The origins of Grodzisk Mazowiecki can be traced back to the 12th century when medieval village Grodzisk was founded. This settlement was built on the outskirts of the Jaktorowska Forest and its remains are a part of the existing town area. In 1355 the first known owner of the settlement Tomasz Grodziński founded a church which was later destroyed by fire (1441). In 15th century Grodzisk remained the parish seat.

Dating from the end of the 15th century to 1623 Grodzisk was owned by the Okunia and Mokrowski families. In 1522 Grodzisk has received municipal rights from king Sigismund I the Old. It was administratively located in the Mszczonów County in the Rawa Voivodeship in the Greater Poland Province of the Kingdom of Poland. In 1540 Grodzisk was destroyed by the fire and was not reconstructed until the end of 16th century. After the reconstruction, Grodzisk became a local trade and production centre due to its location and the local traffic routes. In 1655 it was again destroyed during Swedish Deluge and then restored. In 1708 the town was struck by a cholera epidemic and as a result, its population diminished down to 370 people.
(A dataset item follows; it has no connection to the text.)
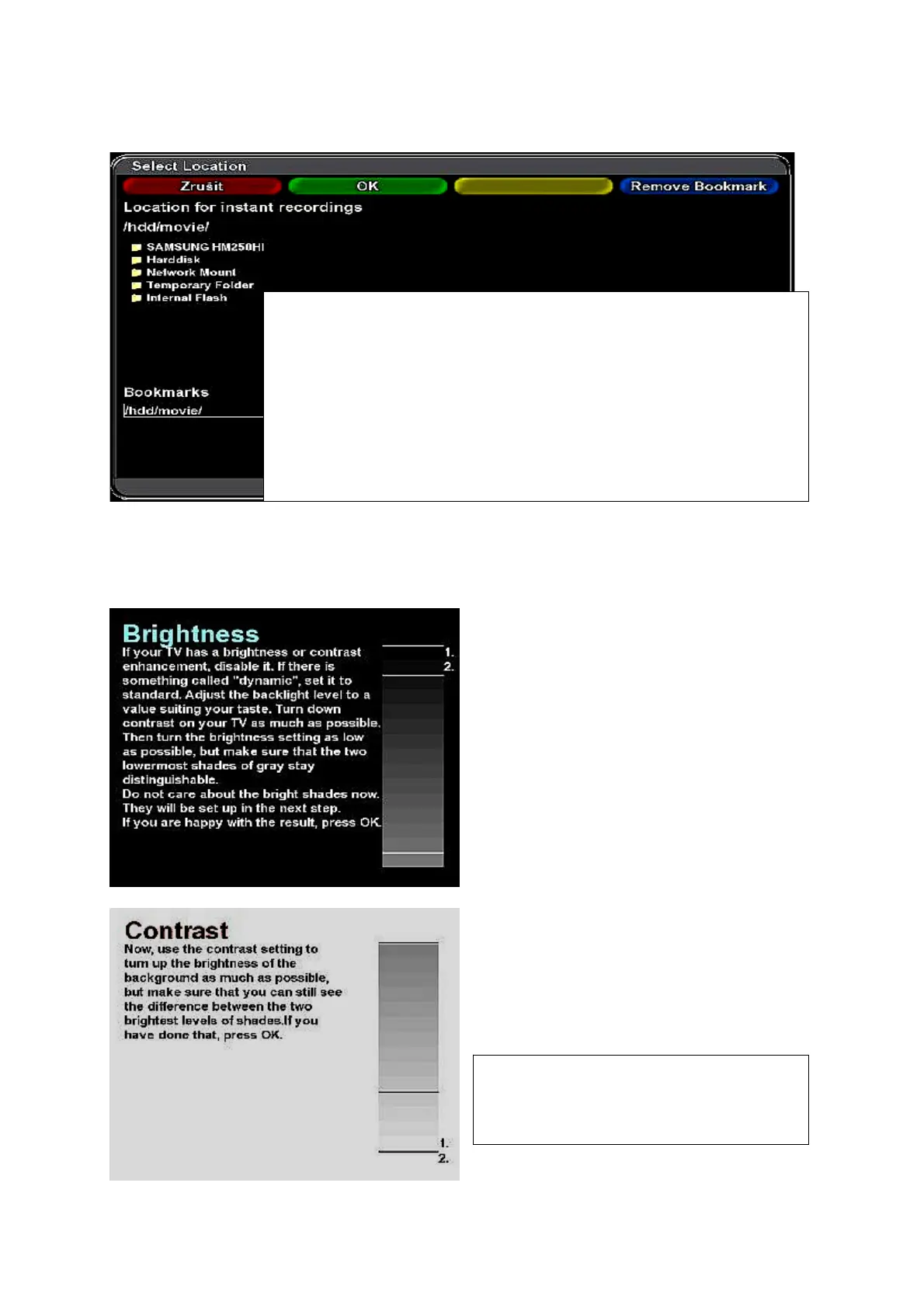 TV to adjust „Brightness“ and „Contrast“

Grodzisk was annexed by Prussia in the Third Partition of Poland in 1795. In 1807 it was regained by Poles and included within the short-lived Duchy of Warsaw, and after its dissolution in 1815, it fell to the Russian Partition of Poland. During the November Uprising (1830–1831) the town was the place of fights between the insurrectionists’ forces and Russian army. The recovery of the local economy was possible to the prosperous railway route connecting Warsaw and Skierniewice built in 1846. In 1870 the town's municipal rights were taken away by the Tsarist authorities as punishment for the unsuccessful Polish January Uprising. Between the 19th and 20th century Grodzisk was known as recreation center with hydropathic establishment founded by Michał Bojasiński. In 1915 Grodzisk regained its municipal rights.

In interwar Poland, Grodzisk was the seat of Błonie County in the Warsaw Voivodeship. In 1928, the town was renamed to Grodzisk Mazowiecki by the addition of the adjective "Mazowiecki" after the region of Masovia, within which it is located, to distinguish it from the town of Grodzisk Wielkopolski in western Poland.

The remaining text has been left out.